A fourth lawsuit has been filed against Symphony of Joliet over the coronavirus-related death of a resident, court records show.
Andrelenna Grant, the granddaughter of 85-year-old Jesse Mosley, filed a wrongful death lawsuit against the nursing home on Wednesday. Grant's lawsuit alleged Mosley, a resident of Symphony of Joliet at 306 N. Larkin Ave., died as a result of the nursing home’s “gross negligence.”
“Jesse’s early and wrongful death was a byproduct of years of the nursing home’s mismanagement, misallocation of resources and staffing, and repeated violations and cited deficiencies of infection control and prevention requirements,” Grant’s lawsuit said.
Mosley died on April 10 with COVID-19, pneumonia and acute respiratory failure listed as the causes of death, the lawsuit said.
Mosley was a resident of Symphony of Joliet from May 1, 2017, through April 6, the lawsuit said.
Mosley was at “high risk of suffering serious medical complications” from contracting COVID-19 and from dying of the disease, the lawsuit said.
Grant is being represented by attorneys with Levin & Perconti, the same law firm that filed three other lawsuits against Symphony of Joliet over the deaths of Frances Harriet Carr, David Mitchell and Diane Brooks.
Symphony spokeswoman Natalie Bauer Luce has called the lawsuits against Symphony of Joliet “baseless.”
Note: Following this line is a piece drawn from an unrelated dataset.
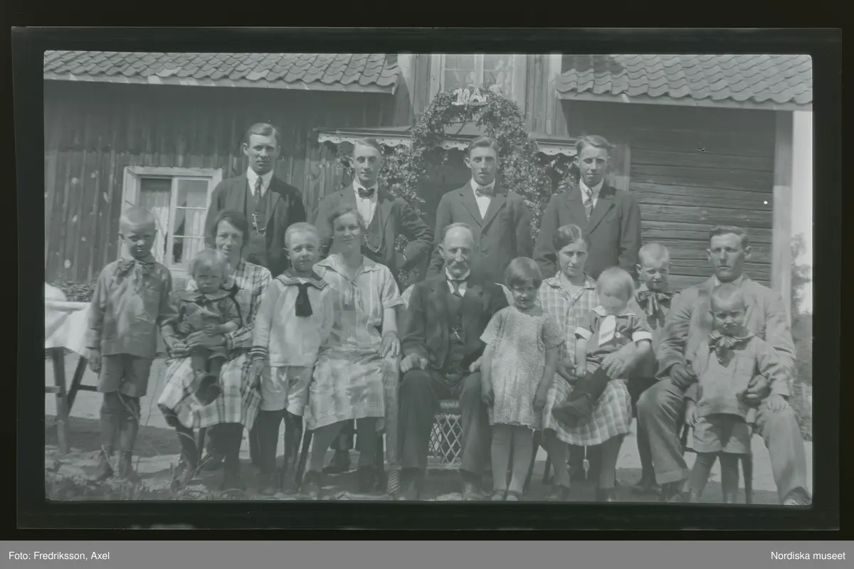 Grupporträtt. Kvinnor, män och barn poserar på framför ett hus. Bakom dem vid ytterdörren står en lövad båge med siffrorna '10 År' högst upp.

"These suits send a dangerous message to patients, families and health care workers still fighting COVID-19 on the frontlines," Luce said. "They are the reason why Gov. Pritzker issued an executive order of immunity to protect health care workers from this kind of predatory action."
Luce said the lawsuits "blatantly ignore the lengths Symphony went to counteract the spread of COVID-19," such as retaining an infectious disease control expert and a gerontologist to lead a task force "that put in place infection prevention protocols that exceeded the CDC recommendations and that were well ahead of the government's delayed and conflicting guidance over the early months of the pandemic."